**WHAT YOU WILL DO**. Exclude every picture and return the remaining entries below verbatim.

------------------------------------------------

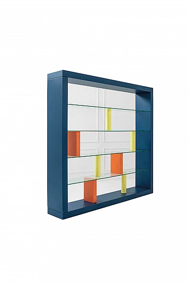 Libreria modello "Giorno" disegnata da Ettore Sottsass e prodotta da Schopenauer (Fontana Arte) nel 1993 con struttura in legno laccato e cristallo molato. Condizioni vintage buone. Sul bordo di un piano in vetro sbeccatura di circa 2 cm. Sulla struttura in legno sui bordi sbeccature con mancanza di smaltatura blu. cm 205x241x40. L. Falconi, Fontana Arte. Una storia trasparente, Milano, 1998, p. 223.
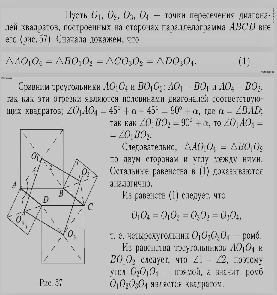 На сторонах параллелограмма вне его построены квадраты. Докажите, что точки пересечения диагоналей квадратов являются вершинами одного квадрата.
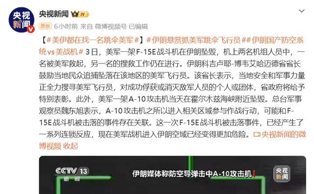 经过前后近一天的混战后,突然爆发并吸引全球注意力的美军F-15E坠毁事件,暂时落下帷幕,但美军在救援行动中暴露出的诸多问题,还在继续发酵,甚至正在直接影响后续战局。
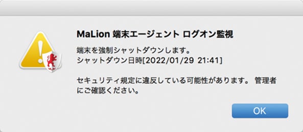 『奉行Edge 勤怠管理クラウド』で36協定の警告アラート対象者を把握し、『MaLionCloud』上で対象者のPCに対する警告表示設定を行うことで、業務終了時刻が迫ったタイミングでPC上に警告表示します。強制シャットダウンを実行することもできるため、確実な長時間労働の是正が行えるようになります。
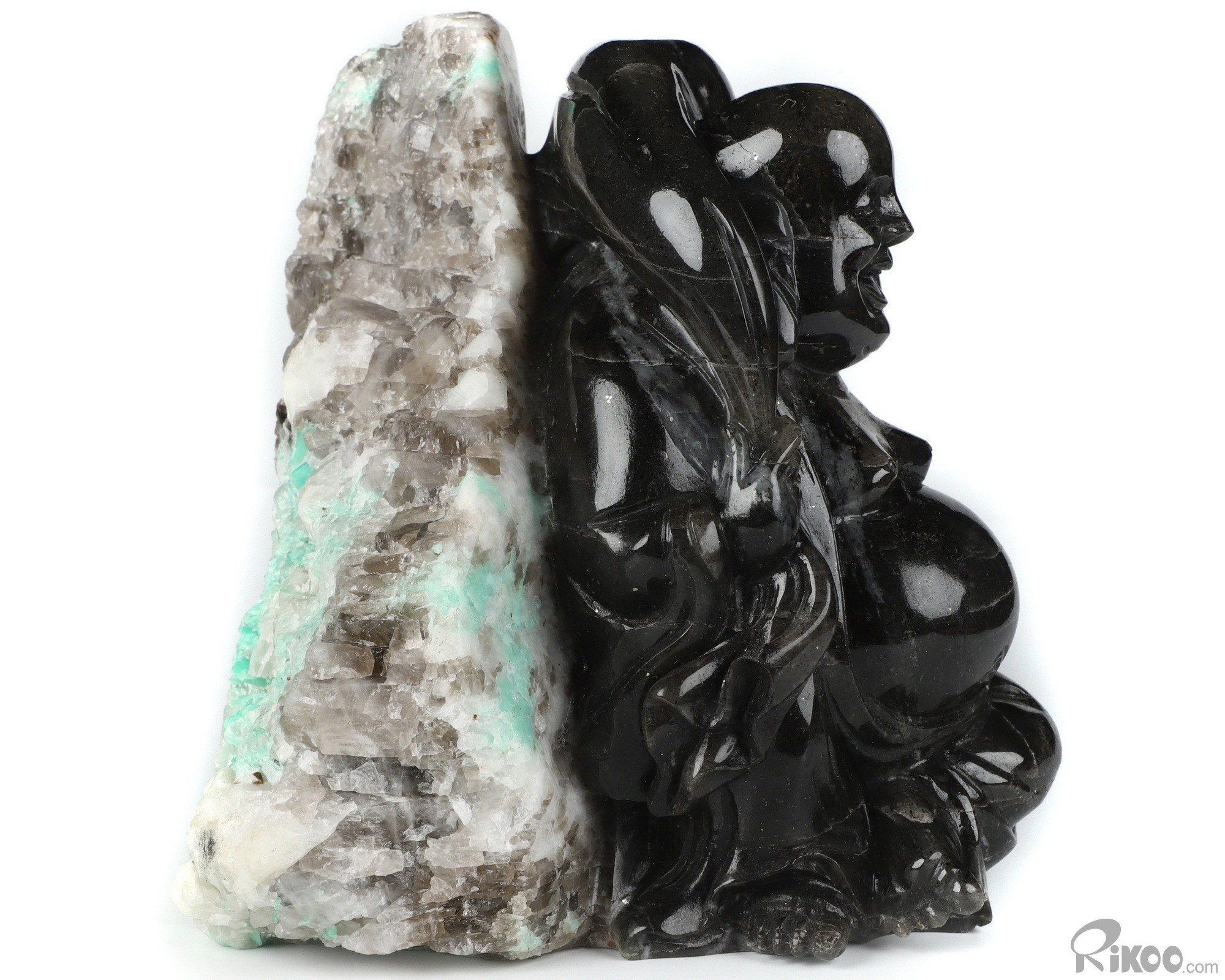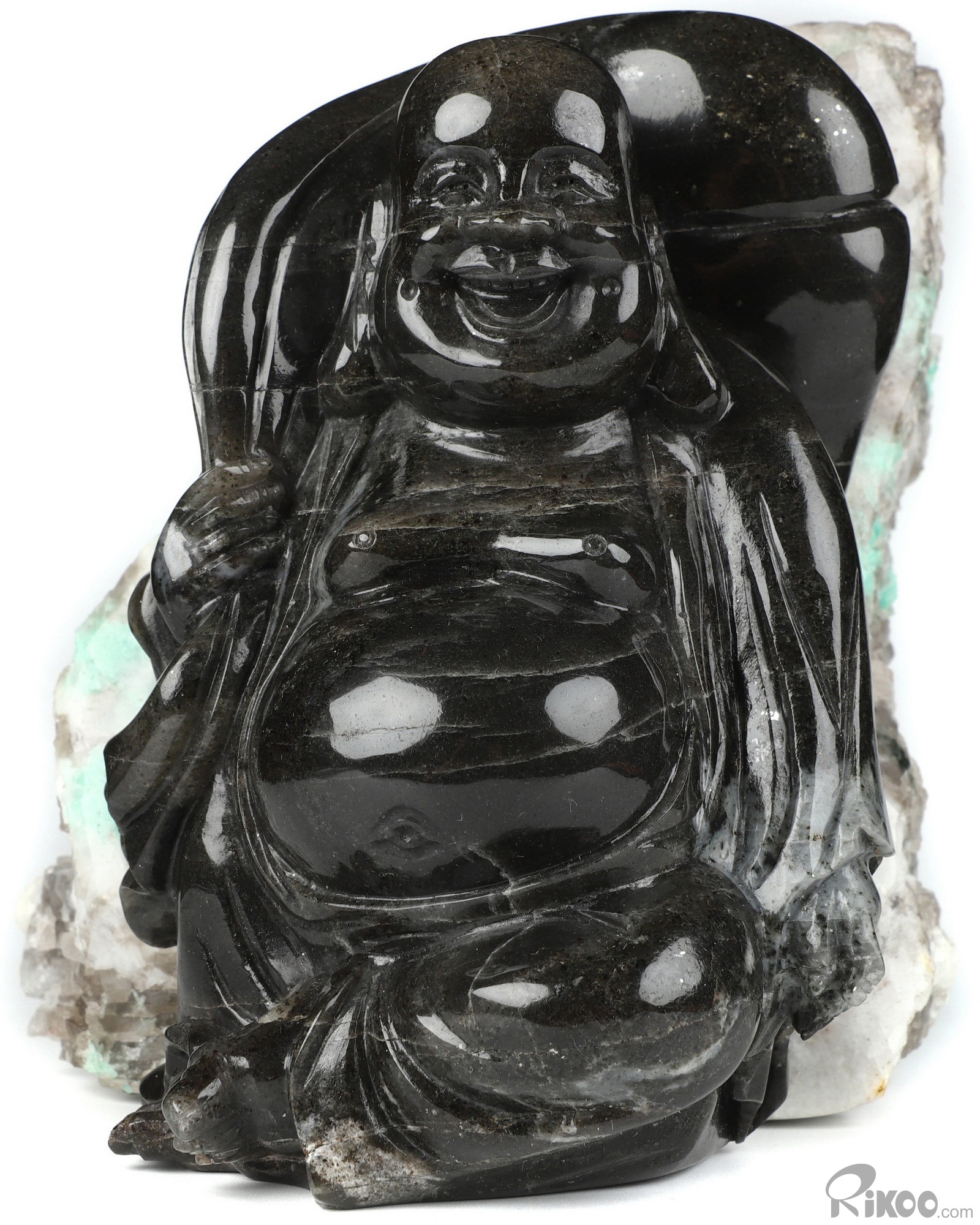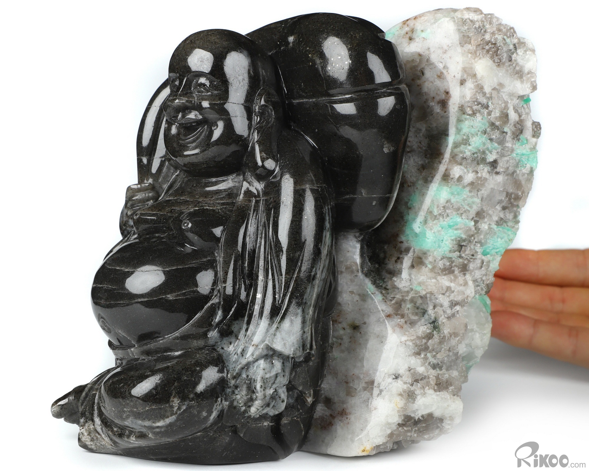 Gemstone 6.1" Emerald Hand Carved Crystal Buddha Sculpture, Crystal Healing

------------------------------------------------

**ANSWER TO THIS EXERCISE**.
 Libreria modello "Giorno" disegnata da Ettore Sottsass e prodotta da Schopenauer (Fontana Arte) nel 1993 con struttura in legno laccato e cristallo molato. Condizioni vintage buone. Sul bordo di un piano in vetro sbeccatura di circa 2 cm. Sulla struttura in legno sui bordi sbeccature con mancanza di smaltatura blu. cm 205x241x40. L. Falconi, Fontana Arte. Una storia trasparente, Milano, 1998, p. 223.
 На сторонах параллелограмма вне его построены квадраты. Докажите, что точки пересечения диагоналей квадратов являются вершинами одного квадрата.
 经过前后近一天的混战后,突然爆发并吸引全球注意力的美军F-15E坠毁事件,暂时落下帷幕,但美军在救援行动中暴露出的诸多问题,还在继续发酵,甚至正在直接影响后续战局。
 『奉行Edge 勤怠管理クラウド』で36協定の警告アラート対象者を把握し、『MaLionCloud』上で対象者のPCに対する警告表示設定を行うことで、業務終了時刻が迫ったタイミングでPC上に警告表示します。強制シャットダウンを実行することもできるため、確実な長時間労働の是正が行えるようになります。
 Gemstone 6.1" Emerald Hand Carved Crystal Buddha Sculpture, Crystal Healing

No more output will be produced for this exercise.